Third Sarge Elfor took them at their word. They were conducted to a single room, evidently in the heart of officers' quarters. Here again they ran into the same anomaly that had impressed them since they landed.
There were gleaming electric fixtures, but orderlies brought them tallow candles as dusk fell. There was plumbing of the most advanced order, but when they turned the taps no water came. The orderlies brought buckets full of hot water for their baths in the bright-tiled tub.
"I don't understand this at all, Ann," said John. He was towelling himself vigorously, while she brushed the quartet's clothing clean of the dust of the road. Phil lolled in luxurious undress on one of the four beds, reading a book from the well-stocked bookcase. Fran, preparing for her bath, was binding up her hair before a full-length mirror. "Even the cold water doesn't run a drop."
"Plumbing gets out of order in the best of families, John," Ann reminded him with a smile.
He glanced affectionately at her. Blue-eyed, black-haired Ann had been John's companion in the six-months exploration of Deneb III, and their seven-year-old son now was learning to read in the starship's school. John and Ann clashed like flint and steel in the crowded confines of the starship and consequently maintained no association while aspace. But they were a happy team in the free, challenging atmosphere of a planet.

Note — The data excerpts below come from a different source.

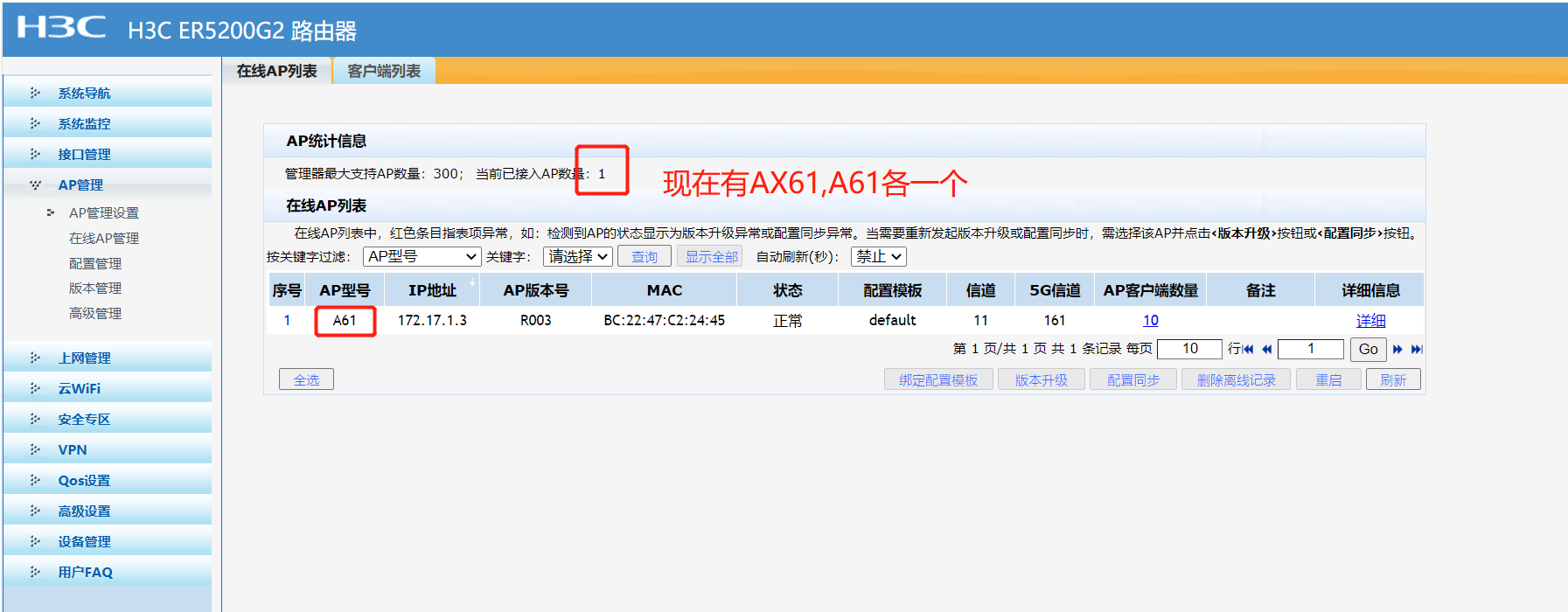 以前购买的H3C ER5200G2路由器无法配置AX61-1500(但A61可以读取到),AX61产品无法在线AP管理,商家回复需要升级路由器软件,找不到相关升级的软件,有知晓的工程师麻烦给个链接下载升级包,谢谢
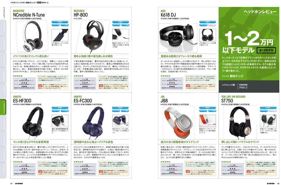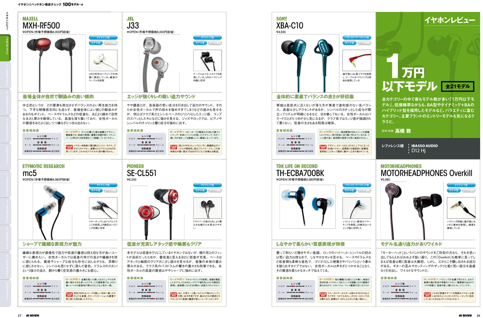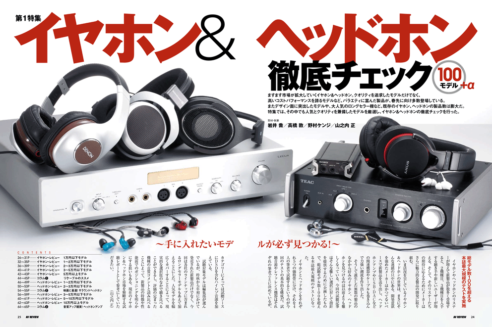 4月号AVレビュー4月号が16日に発売されました。今号の総力特集は「イヤホン&ヘッドホン 100モデル徹底テスト」です。大好評のイヤホン・ヘッドホン特集が2013年の新作モデルを引っさげてカムバック! 今回は本誌最大規模となる全108モデルを徹底チェックしています! 第2特集は、録画ユーザーが気になる“全録”モデルの実力を検証した「全録レコーダー/テレビ 全力テスト」。そして、安く、省スペースで大画面を手に入れるテクニックを探求する新連載「6畳100インチシアターへようこそ!」が今号からスタート。AVレビュー4月号を是非お楽しみ下さい!! 総力特集イヤホン&ヘッドホン 100モデル徹底テスト
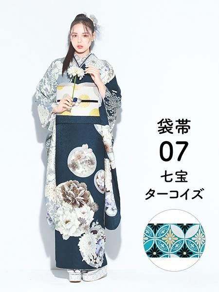 正絹振袖レンタルセット 白クジャク(白)/帯 矢羽根(赤)
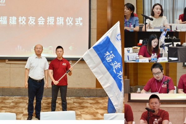 福建校友会成立大会在学校校友工作宣传视频中拉开帷幕。2005级法学专业校友、上海市捷华(龙岩)律师事务所合伙人巫颖禄代表福建校友会筹备组汇报了校友会前期筹备情况。会上审议通过了天外福建校友会章程和第一届理事会名单。在校友们的共同见证下,程国毅代表学校向福建校友会授旗。新当选的第一届会长——2005级朝鲜语专业校友、福建泉州日升石业有限公司总经理张子文发言,他表示,福建校友会将充分发挥桥梁纽带作用,以“共聚情谊,共享资源,共赢未来”为目标,为在闽校友提供更好的交流平台,为母校与校友共赢发展贡献智慧和力量。

"Electricity, too, at the same time?" he asked. "And it's not just that. The whole place reeks of latent power and high science, but they use an absolute minimum of it."
"I've got a partial solution to the garrison state of affairs and the military set-up, anyhow," said Phil from the bed. "They've had a war since we've been gone."
"That's no surprise," commented Fran. Chubby, blonde Fran and dark, stocky Phil had been companions for a year aboard the Discovery. They had volunteered jointly for the exploration mission. "They should have had several of them in 250 years."
"This was an interplanetary war," retorted Phil mildly. "Or rather, it wasn't war, but occupation of the Earth by the enemy. The Jovians were smart enough not to attack Earth directly, but threw their strength at the crucial moment behind the weaker side in the war between Eurasia and the American Alliance. Then they moved in to take over the war-weakened victors."
"The classic role of the strong neutral," commented John drily. "What were the Jovians like?"
"Evidently everybody on Earth knew from first-hand experience when this book was written a century ago. There are no descriptions and no illustrations. There are some hints, though: methane-breathing, cold-loving. They had domed, refrigerated cities."
"What are you reading—a history book?" asked Ann curiously.
"Yes, it's the newest book of the whole lot, and the only one that isn't brittle and dog-eared. At that, it's the worst-made book of them all. It looks like it was printed on a hand-press and bound by hand."
"Pioneers, oh pioneers!" trilled Fran softly. "But what are they doing in the midst of all this technology?"